Still, they characterized the meeting between Saeedi and Heinonen as unlikely to blunt the report’s main finding: that Tehran has ignored council requests to suspend uranium enrichment.
Bolton already has said he plans to introduce a resolution requiring Tehran to comply with the council’s demand to stop its enrichment program. The resolution would not call for sanctions now, but it would be introduced under Chapter 7 of the U.N. Charter, which allows for sanctions and is militarily enforceable.
Iran’s U.N. ambassador, Javad Zarif, said Tehran will refuse to comply with such a resolution because its activities are legal and peaceful. Enrichment can be used to generate fuel or make the fissile core of nuclear weapons.

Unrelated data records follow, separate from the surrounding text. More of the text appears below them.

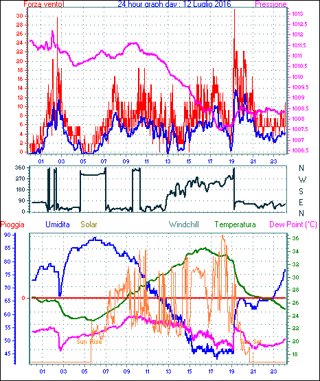 Barómetro minima = 1003.1 hPa giorno 13 tempo 19:40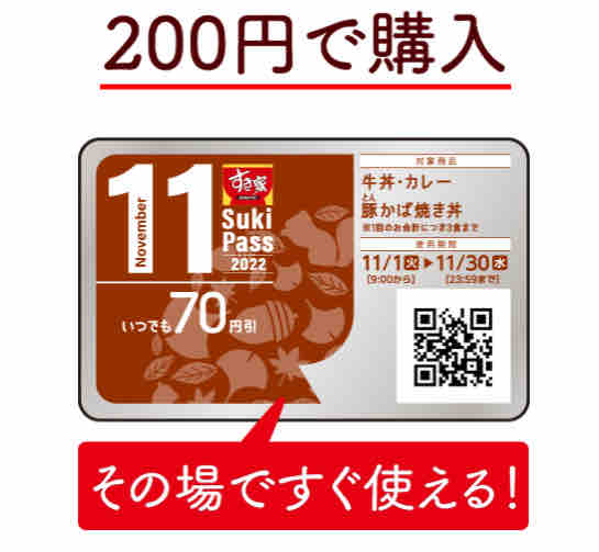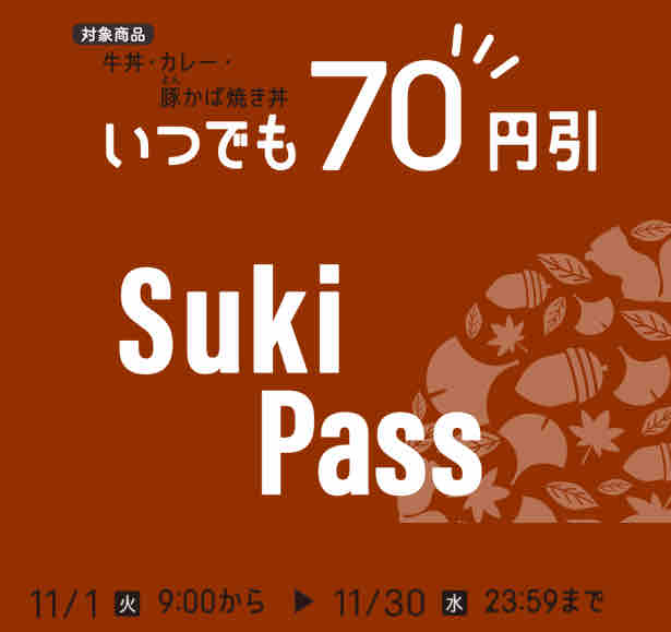 11月Sukipassが2022年11月1日(火)9:00から税込200円で販売開始となる。使用期間は11月中の1ヶ月間。Sukipassを会計時に提示すると牛丼・カレー・豚かば焼き丼が1商品につき70円引きで、店内・持ち帰りどちらでも利用可となる。1会計につき、合計3商品まで値引きされ、家族や友人と一緒に使用することもできる。Sukipassは毎日使用しても良い。
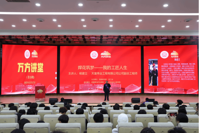12月17日,Beat365官方网站第十九期“万方讲堂”开讲,大国工匠、新疆天业集团安全管理部副部长邵旭鹏,大国工匠、天富伟业工程有限公司副总工程师杨建立受邀分享匠心故事,引导师生传承兵团精神、弘扬工匠精神。

“If the Security Council decides to take decisions that are not within its competence, then Iran does not feel obliged to obey,” he said Thursday in New York.
He also said Tehran was prepared to return to discussions of the offer it made in negotiations with the Europeans last year if the international community agrees to “stop this nonsense, pressure tactic.”
Moscow idea 'still alive'
A Russian proposal to move Tehran’s uranium enrichment to Russian territory “is still alive,” he said, “and Iran is prepared to consider any proposal that will guarantee Iran’s rights.”
Russian President Vladimir Putin, meanwhile, insisted the U.N. nuclear watchdog should continue to play a central role in the dispute. “It mustn’t shrug this role from its shoulders and pass it on to the U.N. Security Council,” Putin said.
But a top French diplomat laid out a starkly contrasting position reflecting U.S. and British views: The Security Council should not only have primacy in dealing with Iran but also should start considering how to increase the pressure. But, the diplomat said, a U.N. resolution would not automatically mean resorting to military action.
The Security Council adopted a statement a month ago giving Iran until Friday to suspend all activities linked to enrichment because it can be used to make the highly enriched uranium used in the core of nuclear warheads.